4色カラー物の印刷をする場合、まぁ、各色の濃度値がOKならば、それで

色調としては、ヨシ!とする。なんて言う印刷現場さんも増えて来ましたが、

ごく普通の場合は、必ず「色調見本」なんて言うのが有って、その色調で、

お客さんからOKを頂いているので、それに刷り物の色を合わせ込むっての

が普通の、色合わせ作業ってヤツかと思います。

 

私がやってた、毛染め系の色調再現等は、非常にシビアな物だったので、

何色を、どうしようかケッコウ迷ってしまうんですが、私は古い人間なので、

新人機長(20歳)の頃は、2色機で、4色カラーを刷ってたんですよ~。

 

2色機でカラーを刷る場合の刷り順は、まず、藍⇒紅 を刷って、その後で、

ローラー洗浄をして、墨⇒黄 の順に刷って4色カラーの出来上がりです。

これが、単色機で4色カラーを刷る場合だと、紅⇒藍⇒墨⇒黄の順です。

 

4色機でカラーを刷れば、1発回答で、カラーの色が出るのですが、2色機

とか単色機で刷る場合には、まだ全くカラーに成っていない状態で、その

印刷物の色調の出来上がりを想像して行かなきゃ成らないワケなんです。

 

例えば、2色機でカラーを刷る場合なら、まず、藍紅の2色を刷るのですが、

この2色で刷った状態を見て、墨黄の残り2色を入れた状態までをも想像し、

藍や紅の印刷濃度を決めて行かなきゃ成らないって事なんですわ~。

 

藍と紅の2色刷りの状態。この時の色調を考える基準は、藍か、紅か?って

言いますとね、これは、紅なんですよ。単色機の場合は、紅から刷って行き

ます。って事は、紅の刷り加減で4色カラーの仕上がり具合が決まってしまう。

って感じなんですわ。紅が盛り切れず、淡い紅に成ってしまえば、最終的な

4色カラーの刷り上がりも、淡く眠たい物に成ってしまうんですよ~。

 

私にとっては、最初のカラー印刷が2色機で、それを3年以上やりましたので、

4色機を使うように成ってからも、カラー印刷の色調基準は、紅の仕上がりの

具合を基準に見るって言うクセが、浸み込んでしまっていました。

 

まず紅の諧調(グラデーション)が有り、それを藍で濁すか、墨で濁すか。

また、黄色は紅を抑える役目が有るので、黄色みが強い色調の場合は、紅を

より強く(濃く)刷っておいて、そこに黄を足して行ってやると、深みの有る色彩

を表現する事が出来る。
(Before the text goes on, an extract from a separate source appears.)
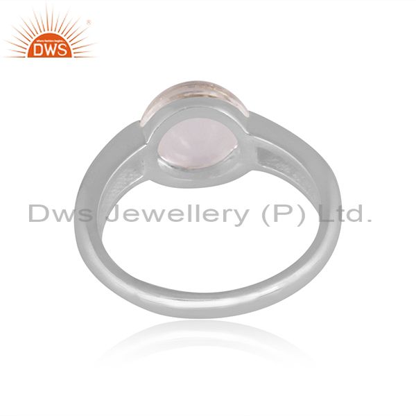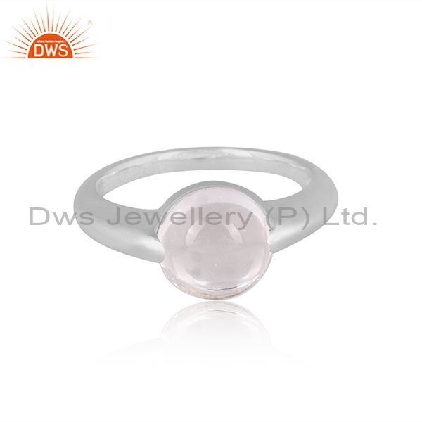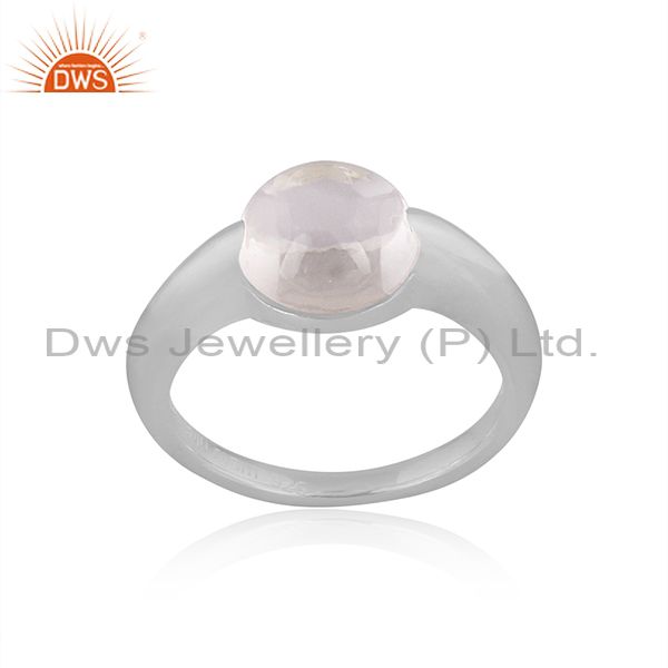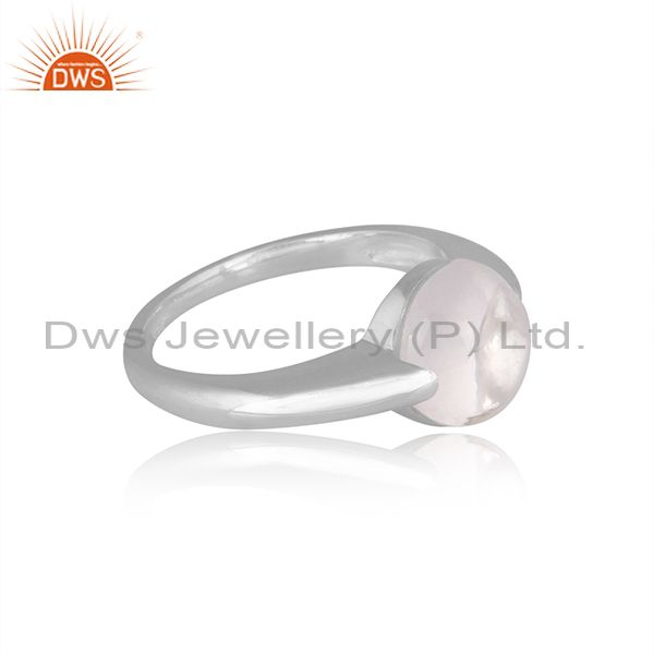 Crystal Quartz Set Fine 925 Silver Handhammered Classic Ring

なんて、事を想像しながら、印刷してました~。

 

実はこれね、非常に日本人的な思考なのだそうです。日本人は、赤浮きを

嫌う傾向が強いんですよ。例えばニュートラル・グレーは、少し青めの色調を、

日本人はヨシとします。これが欧米人だと、赤めのグレーを好むのだそうで、

日本人が好む、青めのグレーは、欧米人にとってはアカンのだそうです。

 

この、好みの差は、瞳の色の差だとも言われています。茶色の瞳を持った

日本人と、ブルーの瞳を持った欧米人とでは、色調に対する好みが違うの

だそうです。・・・例えば、チョッとエッチな映画の等の事を、昔の日本人は、

「ピンク映画」と表現しましたが、欧米人は「ブルーフィルム」と言ってました。

 

ブルーが、エッチな感じ。・・・こりゃ日本人には理解不能な領域かと思います。

ですからね、欧米の印刷物の色調を見てると、「ええッ?こんなのがイイの?」

と、首をひねりたく成ってしまう物が多々有ります。もともと狩猟民族で肉食が

中心だった欧米人と、農耕民族だった日本人の、感性の差なのかもですね。

 

狩猟民族は、獲物の血が滴る、赤系を好み。農耕民族は、

生い茂った青い葉の色彩を好む。・・・なんちゃってね(笑)。

 

ん~。 色調再現の話が、民族の違いの話に成ってしまいました~。